## WHAT YOU SHOULD DO
The answer is a stretch of the material below, returned exactly: the line containing "All of the related", the line containing "3.南瓜和白羅蔔都熟後,去水分放入鍋中加入高湯並加入醬油和糖一起燉煮至湯收乾", and all lines between.

## ENTRIES PROVIDED
^^^^^^^^^^^^^^^^

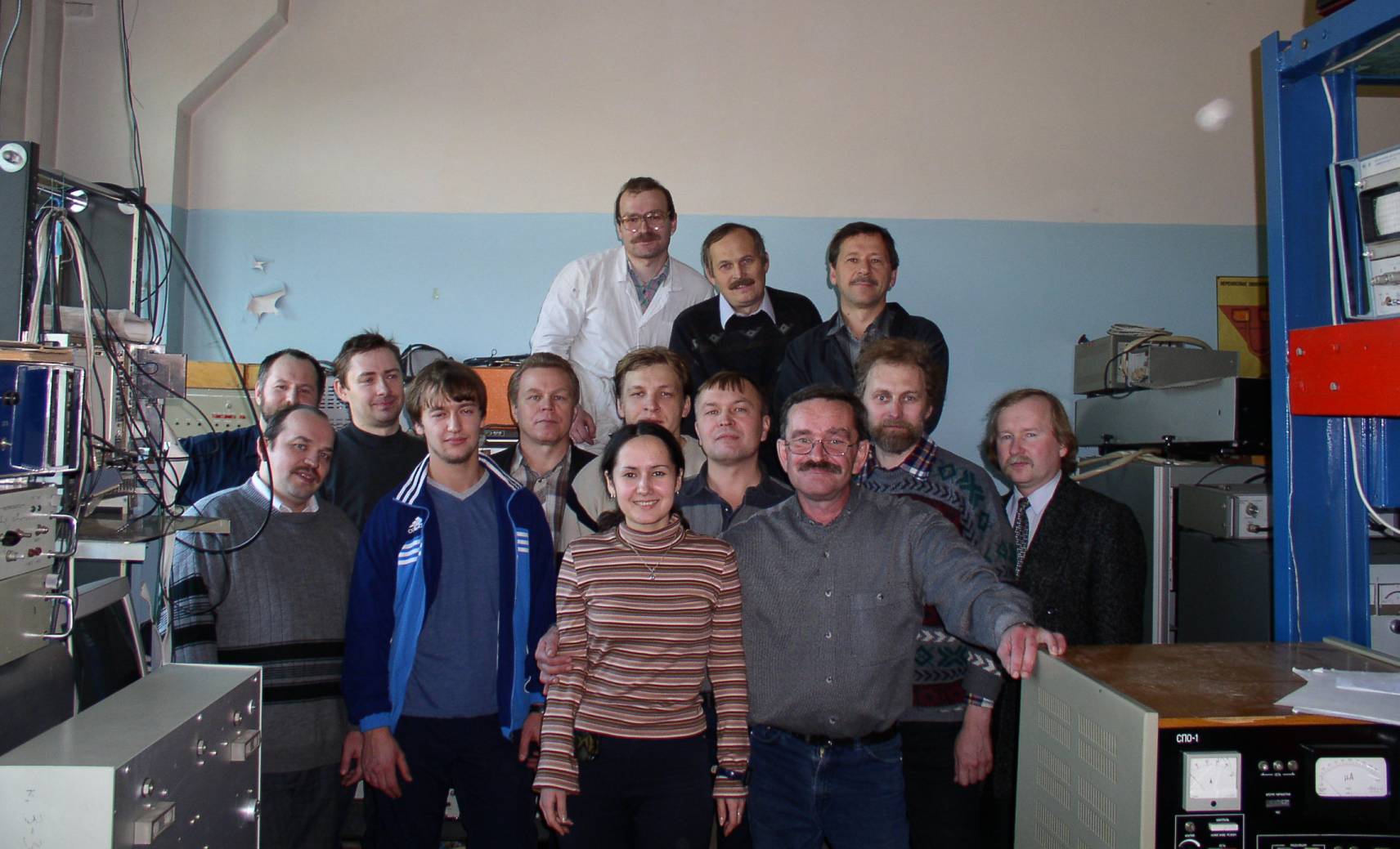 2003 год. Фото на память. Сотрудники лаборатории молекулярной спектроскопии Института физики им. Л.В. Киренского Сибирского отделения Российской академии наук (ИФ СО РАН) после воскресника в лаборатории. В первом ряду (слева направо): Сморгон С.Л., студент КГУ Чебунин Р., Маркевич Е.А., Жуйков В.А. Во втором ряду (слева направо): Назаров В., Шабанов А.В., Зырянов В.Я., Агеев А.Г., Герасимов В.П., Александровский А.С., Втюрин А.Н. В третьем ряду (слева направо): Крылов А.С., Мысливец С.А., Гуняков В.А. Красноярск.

^^^^^^^^^^^^^^^^

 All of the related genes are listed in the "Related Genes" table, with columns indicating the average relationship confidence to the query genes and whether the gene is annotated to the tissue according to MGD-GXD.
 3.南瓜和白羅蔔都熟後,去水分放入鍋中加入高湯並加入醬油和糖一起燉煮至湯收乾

^^^^^^^^^^^^^^^^

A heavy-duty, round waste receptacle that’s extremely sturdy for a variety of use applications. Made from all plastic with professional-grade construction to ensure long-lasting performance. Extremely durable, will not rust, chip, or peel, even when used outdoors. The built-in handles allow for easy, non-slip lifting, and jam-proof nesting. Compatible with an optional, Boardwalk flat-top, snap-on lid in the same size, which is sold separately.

^^^^^^^^^^^^^^^^

## ANSWER AREA
 All of the related genes are listed in the "Related Genes" table, with columns indicating the average relationship confidence to the query genes and whether the gene is annotated to the tissue according to MGD-GXD.
 3.南瓜和白羅蔔都熟後,去水分放入鍋中加入高湯並加入醬油和糖一起燉煮至湯收乾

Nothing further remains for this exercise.